After the Spring Festival holiday,downstream coking plants and steel mills mainly consumed inventory.The total inventory of coking coal in steel mills and coking plants was 14.3935 million tons,a decrease of 1.4541 million tons from the same period in 2024,which is at a low level in recent years.Among them,the inventory of coking coal in sample steel mills and independent coking plants were 7.6878 million tons and 7.9908 million tons,respectively,both at their lowest levels in the same period of history.Recently,with the expectation of warmer weather and the resumption of blast furnace production,downstream coking plants and steel mills have been replenishing their coking coal and coke inventories,and the accumulation rate of upstream inventories has slowed down.This is also a sign of improvement in the supply-demand margin,”said Wei Yaru.

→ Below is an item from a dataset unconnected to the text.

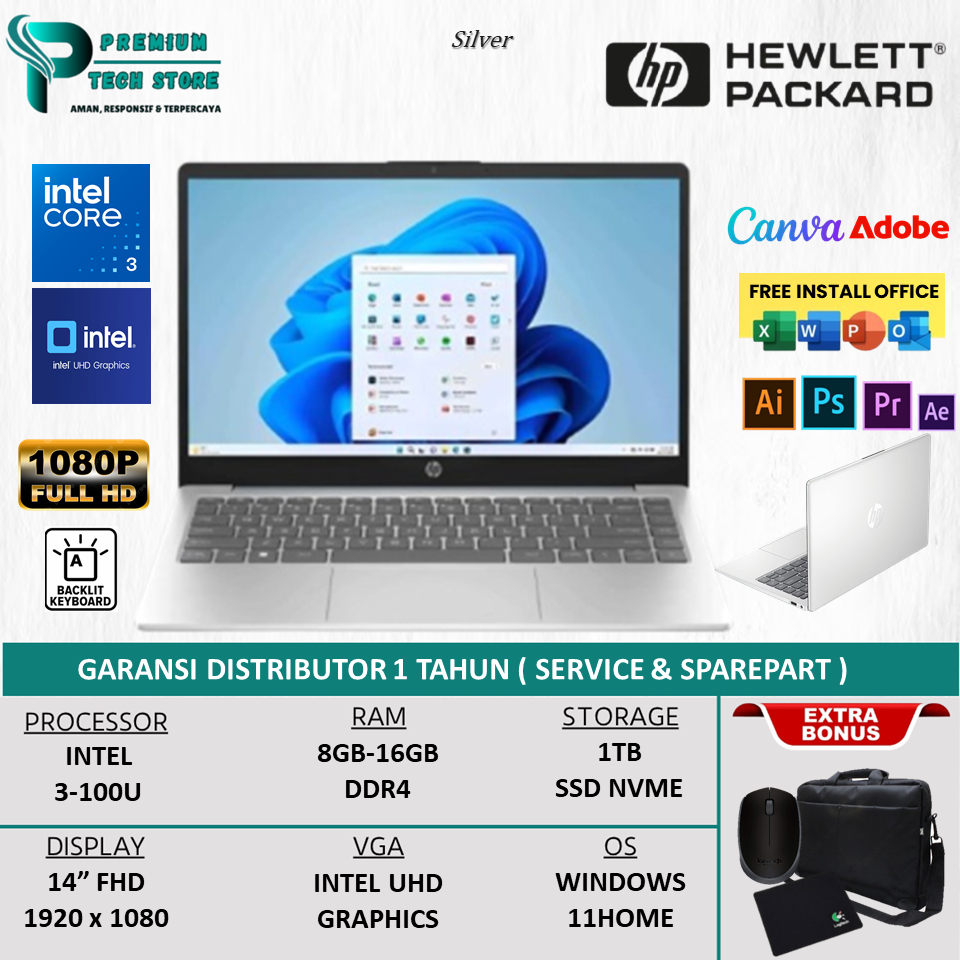 Laptop Baru HP 14s Intel Core 3 100U RAM 16GB SSD 1TB FHD IPS Windows 11 ORIGINAL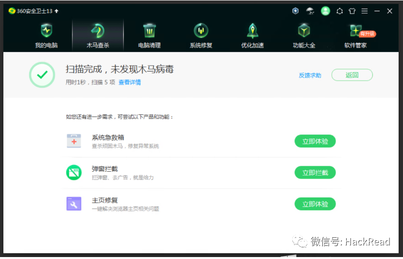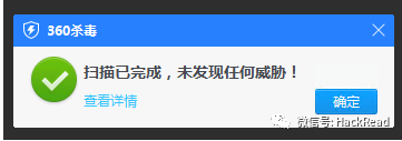 360木马查杀扫描日志开始时间: 2022-5-27 23:44:42扫描用时: 00:00:01扫描类型: 自定义扫描扫描引擎:360云查杀引擎(本地木马库) 360启发式引擎 QEX脚本查杀引擎 QVM Ⅱ人工智能引擎 鲲鹏引擎扫描文件数: 5系统关键位置文件: 0系统内存运行模块: 0压缩包文件: 0安全的文件数: 5发现安全威胁: 0已处理安全威胁: 0扫描选项扫描后自动关机: 否扫描模式: 速度最快管理员:是扫描内容C:\Users\Administrator\Desktop\Demo\扫描结果未发现安全威胁

Regarding the future market of coal and coke,Wang Xintong believes that in the situation of sustained oversupply of coke,it is difficult for coke to break out of an independent market,and it mainly revolves around fluctuations in coke prices.The fundamentals of coal and coke spot stocks are weak,and downstream replenishment sentiment is average,mainly relying on on-demand procurement.Entering March,with the recovery of downstream demand,coking coal prices may still have support.In the medium to long term,the contradiction on the supply side of coking coal has not been resolved,so the fundamentals are still weak.
In the medium to long term,the downward trend of dual coke prices has not changed,but with the improvement of demand enthusiasm and the expectation of macroeconomic favorable policies,the futures prices of coking coal and coke may temporarily bottom out.It is recommended to pay attention to the release of macroeconomic policies and the profit situation of coking steel enterprises in the later stage,”said Wei Yaru.